Em contacto com uma fonte no local, o Evidências colheu relatos arrepiantes de pessoas que dormem ao relento nas matas, compram comida a preços especulativos, e passam dias de chuva em pé, com crianças.

Na sexta-feira, o desespero fez com que uma centena de deslocados tentassem atravessar o Rio Rovuma a pé, um acto impossível, o que obrigou as autoridades tanzanianas a prometer ajuda para o dia seguinte. Como tal, no sábado, foram dispensados barcos para evacuar perto de 200 pessoas.

Até a tarde desta segunda-feira, havia perto de 500 pessoas no local. “Só tem aqui esses jovens de lá (Tanzânia) que atravessam, compram um saco de arroz e vem vender um kilo por 500 meticais”, disse ao Evidências uma fonte, acrescentando que “os produtos são introduzidos as escondias. Quando os donos decidem abrir a fronteira paga-se 500 meticais para deixarem entrar. E dizem que quem atravessa sem ordem será capturado e conduzido às celas”.

Perguntamos como é que compram comida e a resposta foi que “há outras pessoas que quando fugiram tinham dinheiro, outras que recorrem ao M-Pesa, pedem suas famílias que fazem transferência e os amigos aqui que tem dinheiro dão o valor”.

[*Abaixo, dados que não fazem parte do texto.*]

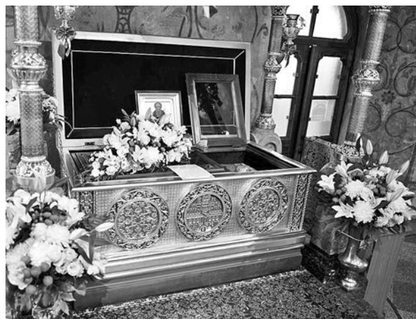
Рака с мощами св. пр. Евфимия.

Enquanto outros tentam pelo mar, onde é pago em média dois mil por família, a saída de Palma via Tanzânia custa no mínimo três mil meticais por cabeça. No entanto, com os relatos de incêndios de barcos e raptos, a fuga via Rovuma é a minimamente segura. “Há muita gente que está a chegar, mas outras pessoas estão a ser interpeladas na ilha de Makalowe onde são sequestradas ou mortas”, explica Aliesse Sumali, que chegou semana passada na cidade Pemba, ido de Palma, que há três semanas tem a sua irmã em Namoto, aguardando travessia.

A preferência pela travessia para a Tanzânia é que aquele país faz parte da única rota terrestre segura para se chegar a Pemba. Os peregrinos da guerra atravessam o rio Rovuma pagando 500 meticais por pessoa, até à zona de Negomano, onde apanham transporte para Mueda, pagando mil meticais por pessoa. Depois pagam 800 meticais para chegar a Montepuez e depois 250 para Pemba. Nalguns casos, a viagem chega a custar mais de cinco mil meticais, a uma população já sem nada.